DATA BLOCK:
◆ ◆ ◆ ◆
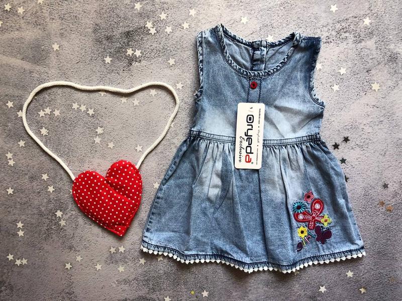 Класний комплектик для ваших👑👑 Турція✈️✈️100%kotton Джинсовий сарафанчик ззаді на гудзичках+сумочка(тканинна) Заміри✔️ Довж плаття/ширина 68(6міс)-37.5/23-1шт 74(9міс)-39/24-1шт 80(12міс)-42/26.5-1шт 86(18)-43.5/27-1шт
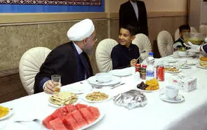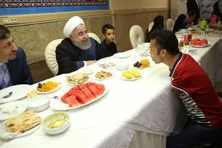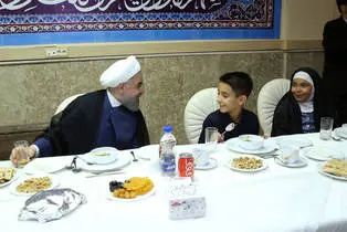به گزارش جماران، حسن روحانی در این مراسم پس از بیان سخنانی کوتاه، در سفره‌ای مشترک در جمع صمیمی مددجویان روزه‌ی خود را افطار کرد.
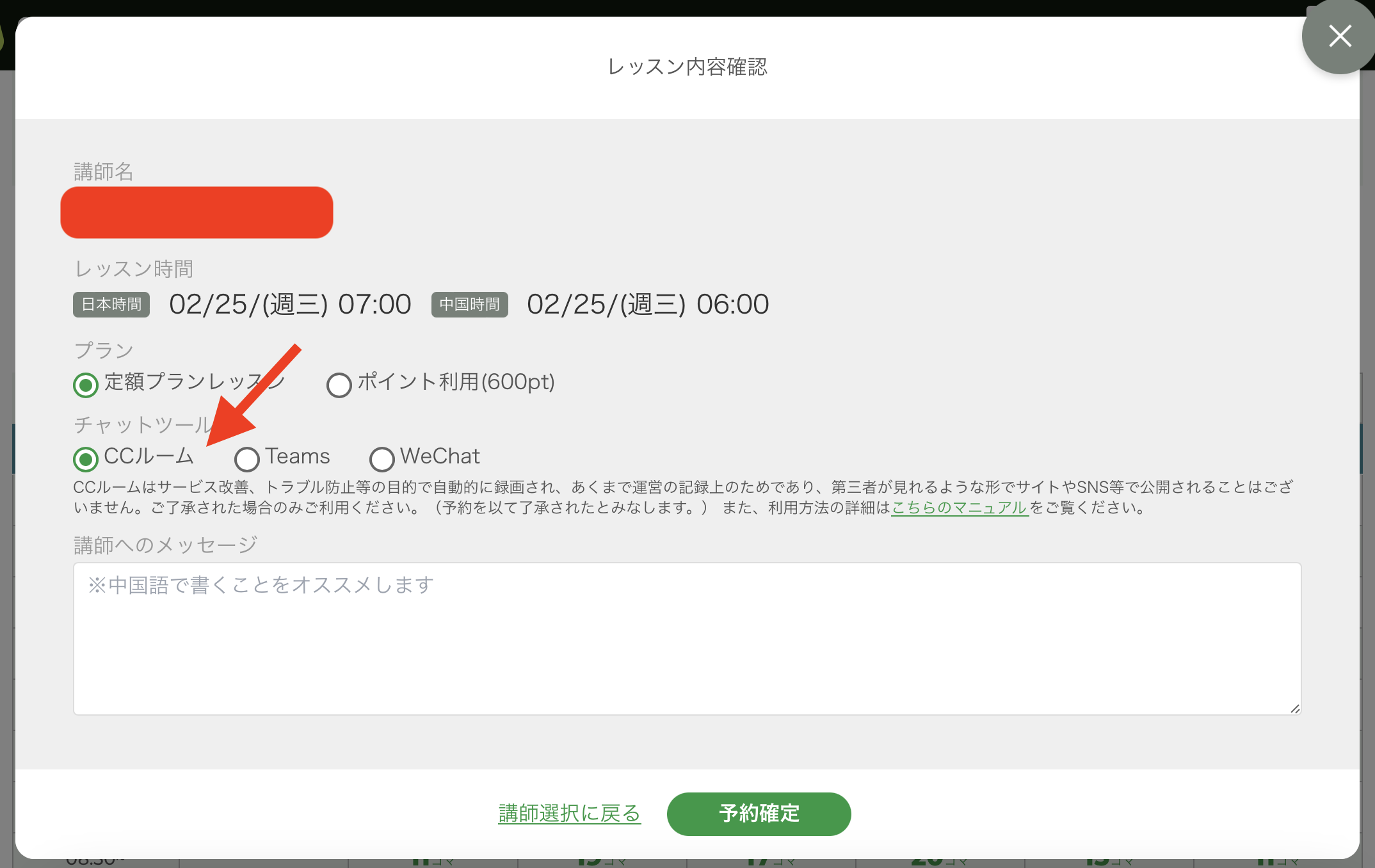 受講したい時間・先生を予約すると、こんな「レッスン内容確認」が出てきます。
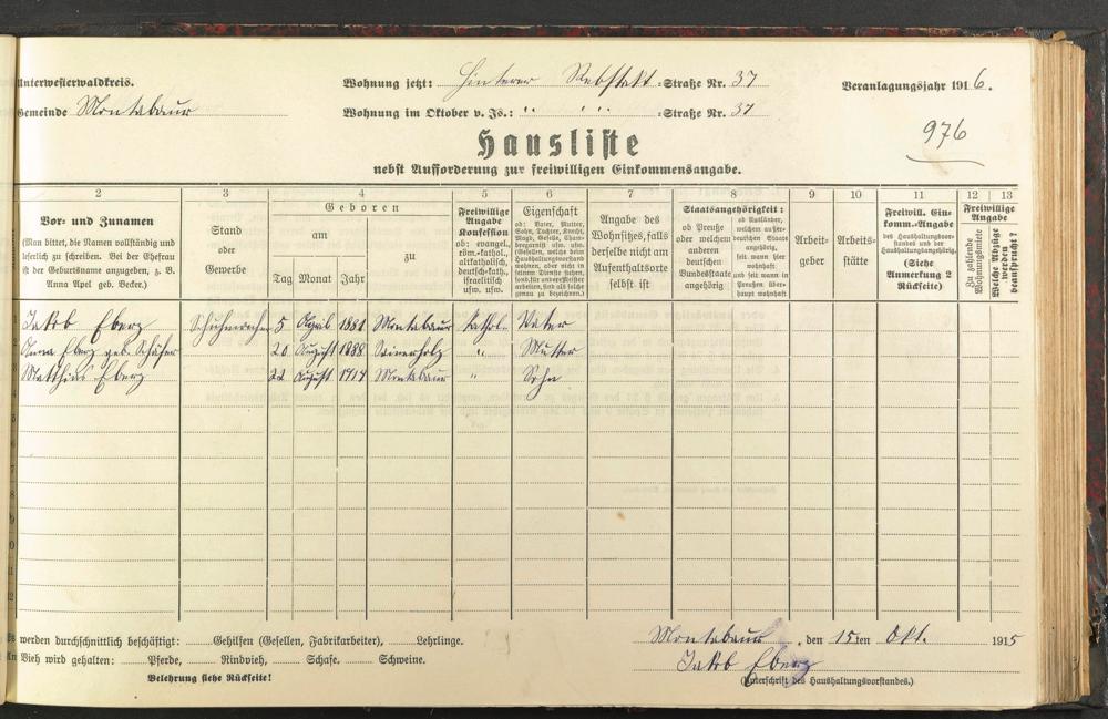 Haushaltsliste 1916, Band II., Abteilung 4, A 283
◆ ◆ ◆ ◆
ACTION ITEM:
Please repeat the data verbatim and leave the pictures out of your copy.

EXPECTED OUTPUT:
 Класний комплектик для ваших👑👑 Турція✈️✈️100%kotton Джинсовий сарафанчик ззаді на гудзичках+сумочка(тканинна) Заміри✔️ Довж плаття/ширина 68(6міс)-37.5/23-1шт 74(9міс)-39/24-1шт 80(12міс)-42/26.5-1шт 86(18)-43.5/27-1шт
به گزارش جماران، حسن روحانی در این مراسم پس از بیان سخنانی کوتاه، در سفره‌ای مشترک در جمع صمیمی مددجویان روزه‌ی خود را افطار کرد.
 受講したい時間・先生を予約すると、こんな「レッスン内容確認」が出てきます。
 Haushaltsliste 1916, Band II., Abteilung 4, A 283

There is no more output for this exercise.